* [What you are asked to do]
The expected output is every line of the data exactly as shown, minus the images.

* [Collected data]
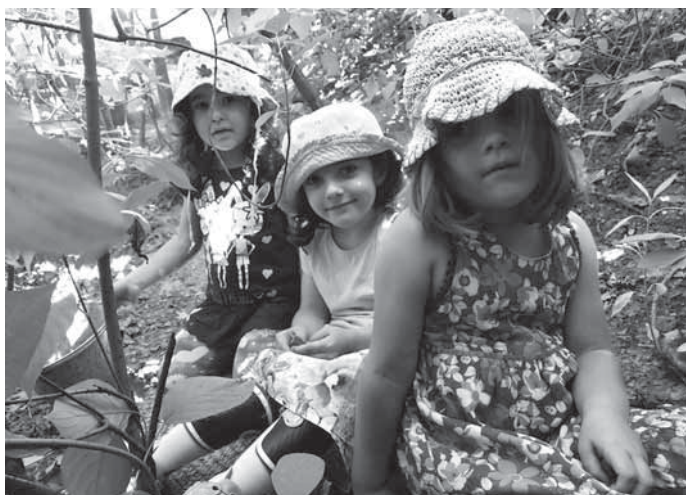
Kinder im Garten: Die Kinder der Kita Lindenstraße freuen sich auf das nachgeholte Jubiläumsfest im Jahr 2021.

Die Kinder und Familien mit ihren individuellen Themen zu begleiten und unterstützen, liegt den Pädagoginnen der Lindenstraße sehr am Herzen. Beim Erörtern, Erklären und Vermitteln, beim Gratulieren, Loben und Versöhnen, bei Streit, Problemen und Konflikten stehen die pädagogischen Fachkräfte den Kindern zur Seite. Diese werden ermutigt, sich ihre eigenen Gedanken zu machen und lernen diese zu formulieren. Auch wenn eine große Feier mit vielen Gästen derzeit nicht möglich ist, freuen sich die Erzieherinnen, Kinder und Eltern über einen Ort, an dem seit 50 Jahren das Vertrauen in die Ressourcen der kindlichen Entwicklung, der Blick auf das Gute im Menschen, die Achtung vor dem Anderen und eine wertschätzende Beziehungsgestaltung im Vordergrund stehen.
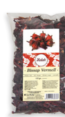
Bissap vermell Halah Ref. 1438 - 15 x 125g
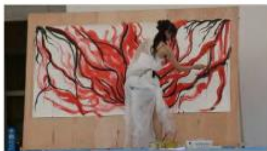
《プロによるパフォーマンス》

* [Your solution]
Kinder im Garten: Die Kinder der Kita Lindenstraße freuen sich auf das nachgeholte Jubiläumsfest im Jahr 2021.

Die Kinder und Familien mit ihren individuellen Themen zu begleiten und unterstützen, liegt den Pädagoginnen der Lindenstraße sehr am Herzen. Beim Erörtern, Erklären und Vermitteln, beim Gratulieren, Loben und Versöhnen, bei Streit, Problemen und Konflikten stehen die pädagogischen Fachkräfte den Kindern zur Seite. Diese werden ermutigt, sich ihre eigenen Gedanken zu machen und lernen diese zu formulieren. Auch wenn eine große Feier mit vielen Gästen derzeit nicht möglich ist, freuen sich die Erzieherinnen, Kinder und Eltern über einen Ort, an dem seit 50 Jahren das Vertrauen in die Ressourcen der kindlichen Entwicklung, der Blick auf das Gute im Menschen, die Achtung vor dem Anderen und eine wertschätzende Beziehungsgestaltung im Vordergrund stehen.
Bissap vermell Halah Ref. 1438 - 15 x 125g
《プロによるパフォーマンス》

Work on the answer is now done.